Embracing CloudKit: Part 8

Posted by Stuart Wheelwright on June 19, 2023 · 16 mins read

Part 8: When Things Go Wrong

This is the last in an eight-part series on implementing data sharing in Shopping UK using CloudKit.

Shopping UK is a smart shopping list for UK shoppers. It knows almost every product in the supermarket and will arrange them by aisle. Lists can be shared with family or friends.

Last week, we looked at how to change or stop a share, what happens when a list is deleted and background maintenance.
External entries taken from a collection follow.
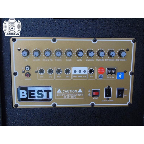 Bảng điểu chỉnh mang đậm chất Best, bề mặt được tráng một lớp kim loại ánh vàng sang trong, nổi bật giữ một nền đen huyên bí của chiếc loa cùng bộ nút cơ điều chỉnh âm lượng có thể điều chỉnh Echo, Delay, Volum Mic, Bass, Treble … cho phép người dùng tự điều chỉnh âm thanh phù hợp với chất giọng của mình, kết hợp với tiếng bass có đô sâu và tròn tuyệt vời, âm thanh được xử lí mượt mà trước khi cho ra thành phẩm. Thời gian sử dụng khá dài từ 5 đến 8 tiếng sử dụng tùy theo công suất lớn nhỏ mà người dùng nghe nhạc. Loa còn có cổng AUX-in cho phép kết nối với mội thiết bị hỗ trợ ngõ 3.5mm hay một loa kéo di động khác để có thể biến thành một dàn nhạc sống tại gia vô cùng tiên lợi và còn một ngõ tiện ích nữa đó chính là kết nối với bình Ắc Qui 12V để tiếp tục phát chơi nhạc thỏa thích khi hết điện mà không thể cắm sặc trực tiếp được như các bữa tiệc ngoài trời, những buổi dã ngoại, hay là trường hợp hi hưu như cúp điện, rất tiện dung.
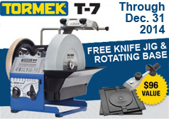 Now through Dec. 31, 2014, we're including FOR FREE a handy rotating base worth $55, as well as the SVM-45 Knife Jig worth $39. If you've been wanting a Tormek T-7 to streamline sharpening in your shop, now is the time to buy! CLICK HERE for more info: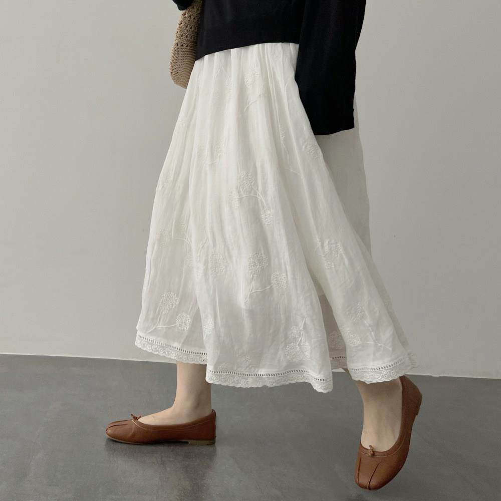 法国Rixo Rane法式轻奢?文艺超仙刺绣白色A字半身裙显瘦气质长裙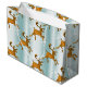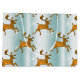 Grand Sac Cadeau Rennes d'or sur Pale Aqua Christmas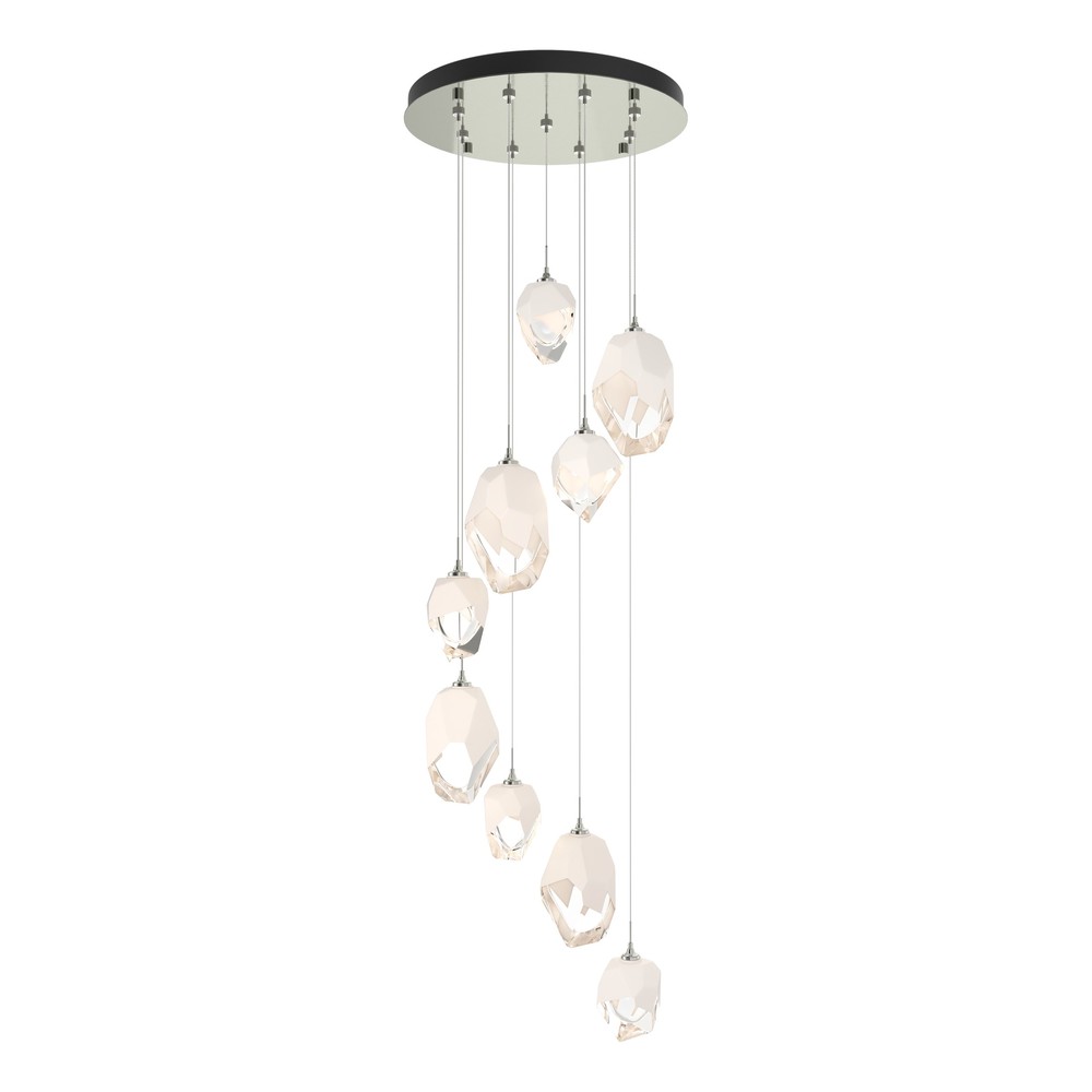 The Chrysalis 9-Light Mixed Crystal Pendant makes a statement in any stairwell or other central or corner space where cascading crystals lit from within create a waterfall of light when pendants are staggered. Highly-customizable, each individual pendant (4 large + 5 small) is suspended via low-voltage cable from its round canopy. A thick, clear layer of glass is encased in an outer cocoon of hand-blown, colored glass (matte black or white; all 9 are same color). The lower portion of the outer layer of glass is removed by hand-polishing it, revealing the inner clear layer below.

Today, we’ll wrap up the series with a look at error handling, merging data, and diagnosing problems.

The Path of Sadness

Happy and sad paths

Throughout this series, the focus has been on the happy path — when everything goes to plan — but a synchronisation solution is only as good as its ability to handle unexpected situations.

We’ll start with a look at what can go wrong before examining how Shopping UK handles things.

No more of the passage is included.